** Required work **
Starting at the line that contains "Трикотажная юбка из" and stopping at the line that contains "Ihre Spende für die", restate each line of the records below exactly. Omit the pictures.

** Provided records **
--*--

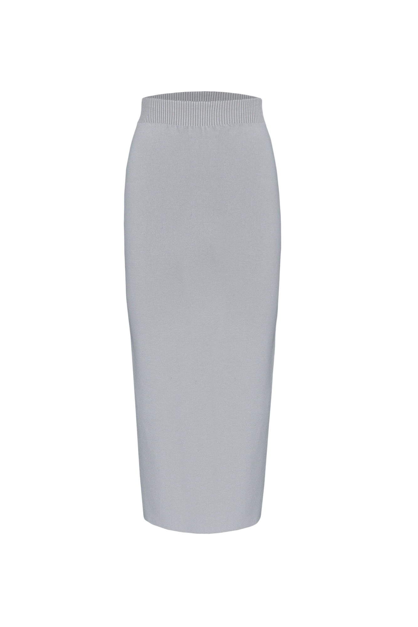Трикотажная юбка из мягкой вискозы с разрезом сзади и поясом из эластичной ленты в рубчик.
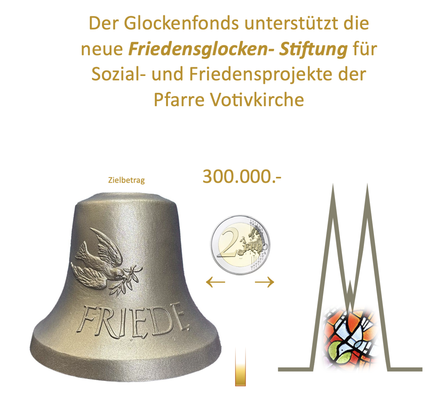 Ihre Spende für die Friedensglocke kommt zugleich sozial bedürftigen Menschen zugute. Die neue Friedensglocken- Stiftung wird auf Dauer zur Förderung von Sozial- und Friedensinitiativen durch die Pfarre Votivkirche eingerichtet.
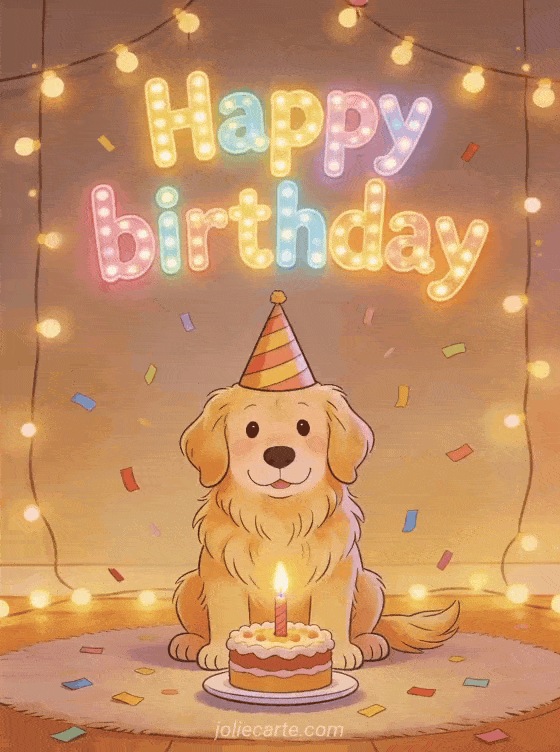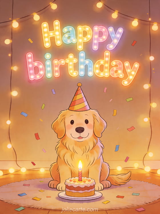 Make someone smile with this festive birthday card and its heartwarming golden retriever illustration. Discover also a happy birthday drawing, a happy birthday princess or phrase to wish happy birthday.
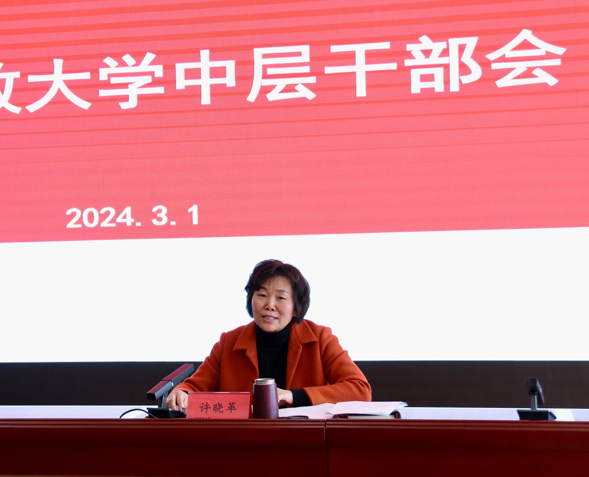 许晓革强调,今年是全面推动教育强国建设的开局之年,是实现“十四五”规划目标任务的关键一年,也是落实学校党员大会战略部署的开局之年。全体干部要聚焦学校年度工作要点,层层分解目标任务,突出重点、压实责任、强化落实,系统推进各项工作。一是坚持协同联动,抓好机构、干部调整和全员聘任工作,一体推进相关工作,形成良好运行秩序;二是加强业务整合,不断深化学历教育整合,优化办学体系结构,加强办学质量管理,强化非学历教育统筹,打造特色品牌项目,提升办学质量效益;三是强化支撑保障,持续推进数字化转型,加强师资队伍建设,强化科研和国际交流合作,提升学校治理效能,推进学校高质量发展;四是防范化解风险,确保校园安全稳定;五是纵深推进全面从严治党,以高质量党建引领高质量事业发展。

--*--

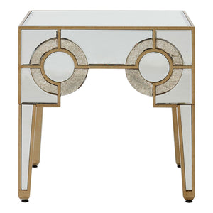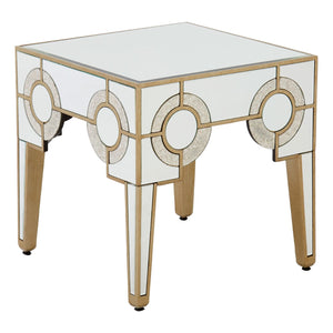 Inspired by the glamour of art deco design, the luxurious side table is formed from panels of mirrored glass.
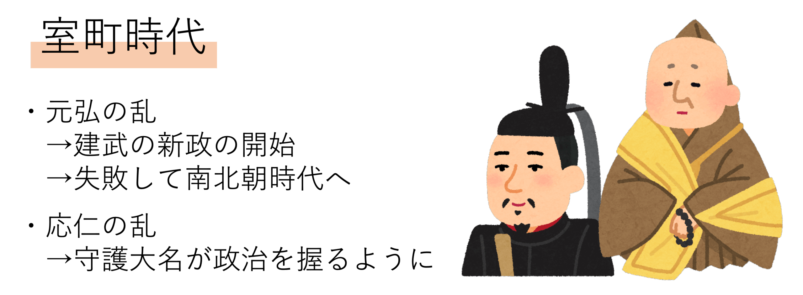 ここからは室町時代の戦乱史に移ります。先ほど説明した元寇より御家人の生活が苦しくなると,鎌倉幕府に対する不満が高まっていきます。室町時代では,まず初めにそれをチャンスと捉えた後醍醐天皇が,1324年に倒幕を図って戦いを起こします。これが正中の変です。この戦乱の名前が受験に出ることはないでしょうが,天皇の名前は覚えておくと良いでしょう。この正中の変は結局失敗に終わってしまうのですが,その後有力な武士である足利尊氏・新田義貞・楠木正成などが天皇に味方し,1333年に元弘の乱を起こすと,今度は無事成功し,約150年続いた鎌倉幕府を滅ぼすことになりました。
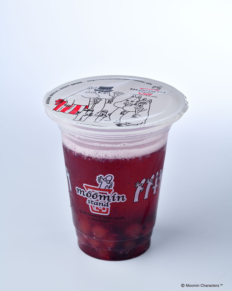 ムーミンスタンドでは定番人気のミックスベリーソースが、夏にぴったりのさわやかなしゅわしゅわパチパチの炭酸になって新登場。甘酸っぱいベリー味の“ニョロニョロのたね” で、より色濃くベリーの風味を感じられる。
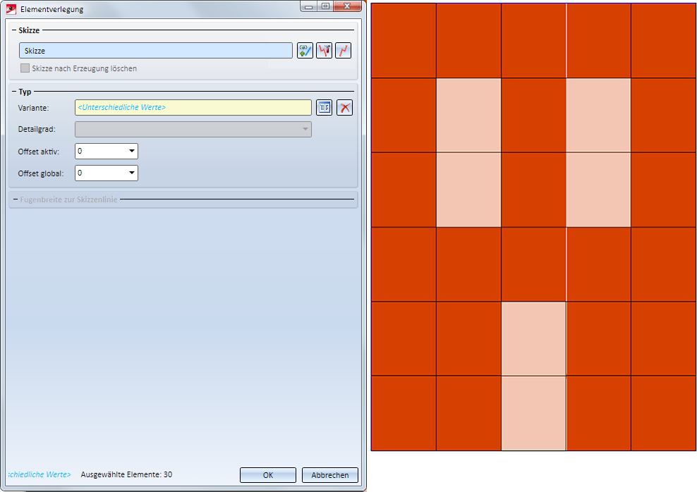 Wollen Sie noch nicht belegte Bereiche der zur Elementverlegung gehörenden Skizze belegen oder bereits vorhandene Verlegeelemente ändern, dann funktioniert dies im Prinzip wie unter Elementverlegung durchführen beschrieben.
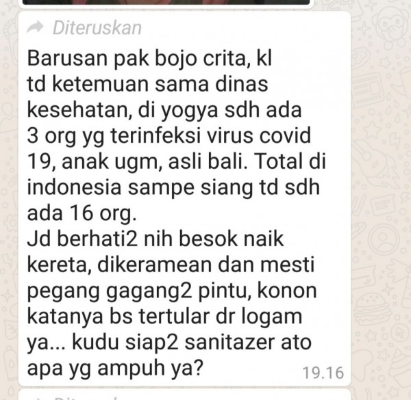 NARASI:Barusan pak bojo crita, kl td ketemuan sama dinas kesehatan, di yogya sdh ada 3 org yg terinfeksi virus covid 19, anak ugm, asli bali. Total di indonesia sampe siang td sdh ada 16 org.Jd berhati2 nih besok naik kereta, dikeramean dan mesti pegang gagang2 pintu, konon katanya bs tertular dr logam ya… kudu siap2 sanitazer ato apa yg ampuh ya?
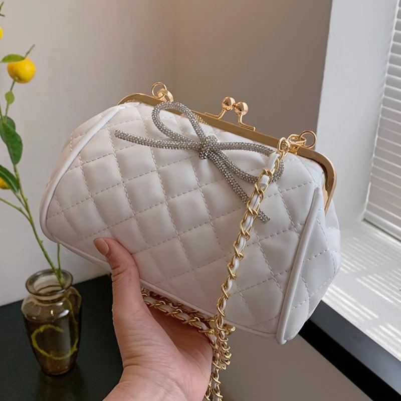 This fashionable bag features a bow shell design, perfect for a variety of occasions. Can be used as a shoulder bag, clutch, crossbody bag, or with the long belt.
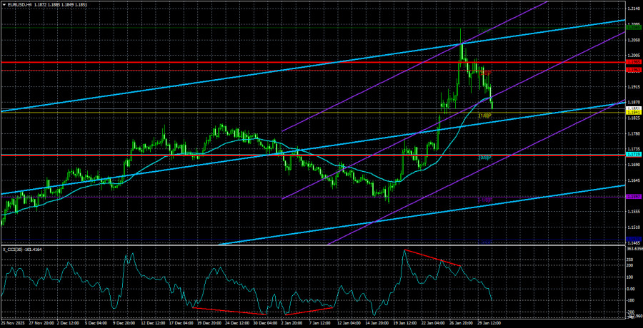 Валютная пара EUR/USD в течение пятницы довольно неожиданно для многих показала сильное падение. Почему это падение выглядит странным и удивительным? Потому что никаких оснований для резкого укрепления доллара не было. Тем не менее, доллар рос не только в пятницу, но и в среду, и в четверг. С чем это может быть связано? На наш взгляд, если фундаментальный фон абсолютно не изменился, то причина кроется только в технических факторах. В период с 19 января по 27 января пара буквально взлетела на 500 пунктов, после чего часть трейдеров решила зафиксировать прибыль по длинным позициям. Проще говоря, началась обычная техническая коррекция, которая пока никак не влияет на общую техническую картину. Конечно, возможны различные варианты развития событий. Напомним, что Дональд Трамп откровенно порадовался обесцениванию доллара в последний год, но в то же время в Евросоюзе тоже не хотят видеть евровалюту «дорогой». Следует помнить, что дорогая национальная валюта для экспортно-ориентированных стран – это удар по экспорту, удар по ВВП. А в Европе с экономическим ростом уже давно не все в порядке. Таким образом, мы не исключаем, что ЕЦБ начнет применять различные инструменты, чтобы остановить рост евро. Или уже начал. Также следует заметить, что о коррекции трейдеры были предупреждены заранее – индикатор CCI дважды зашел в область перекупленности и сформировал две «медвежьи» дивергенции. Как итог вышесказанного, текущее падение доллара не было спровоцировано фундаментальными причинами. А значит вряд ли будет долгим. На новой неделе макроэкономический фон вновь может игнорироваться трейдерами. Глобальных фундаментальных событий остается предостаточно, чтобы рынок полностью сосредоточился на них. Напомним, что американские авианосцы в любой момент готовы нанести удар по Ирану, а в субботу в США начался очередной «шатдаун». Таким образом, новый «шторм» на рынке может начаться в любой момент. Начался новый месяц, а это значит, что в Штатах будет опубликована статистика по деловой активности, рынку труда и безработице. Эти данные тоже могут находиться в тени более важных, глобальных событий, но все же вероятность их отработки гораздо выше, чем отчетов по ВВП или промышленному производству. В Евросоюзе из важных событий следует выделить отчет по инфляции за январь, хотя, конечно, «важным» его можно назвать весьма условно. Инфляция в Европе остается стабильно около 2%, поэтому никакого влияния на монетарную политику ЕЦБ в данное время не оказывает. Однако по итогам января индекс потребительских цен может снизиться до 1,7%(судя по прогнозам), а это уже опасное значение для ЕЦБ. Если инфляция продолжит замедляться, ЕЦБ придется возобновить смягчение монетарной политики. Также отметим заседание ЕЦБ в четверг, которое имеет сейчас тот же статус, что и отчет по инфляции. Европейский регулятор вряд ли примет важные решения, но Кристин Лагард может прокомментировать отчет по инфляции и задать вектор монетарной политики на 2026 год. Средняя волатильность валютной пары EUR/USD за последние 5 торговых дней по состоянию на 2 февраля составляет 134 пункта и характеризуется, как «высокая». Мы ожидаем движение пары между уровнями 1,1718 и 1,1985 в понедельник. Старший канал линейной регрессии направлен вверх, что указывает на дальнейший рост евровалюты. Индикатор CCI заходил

--*--

** Written reply **
Трикотажная юбка из мягкой вискозы с разрезом сзади и поясом из эластичной ленты в рубчик.
 Ihre Spende für die Friedensglocke kommt zugleich sozial bedürftigen Menschen zugute. Die neue Friedensglocken- Stiftung wird auf Dauer zur Förderung von Sozial- und Friedensinitiativen durch die Pfarre Votivkirche eingerichtet.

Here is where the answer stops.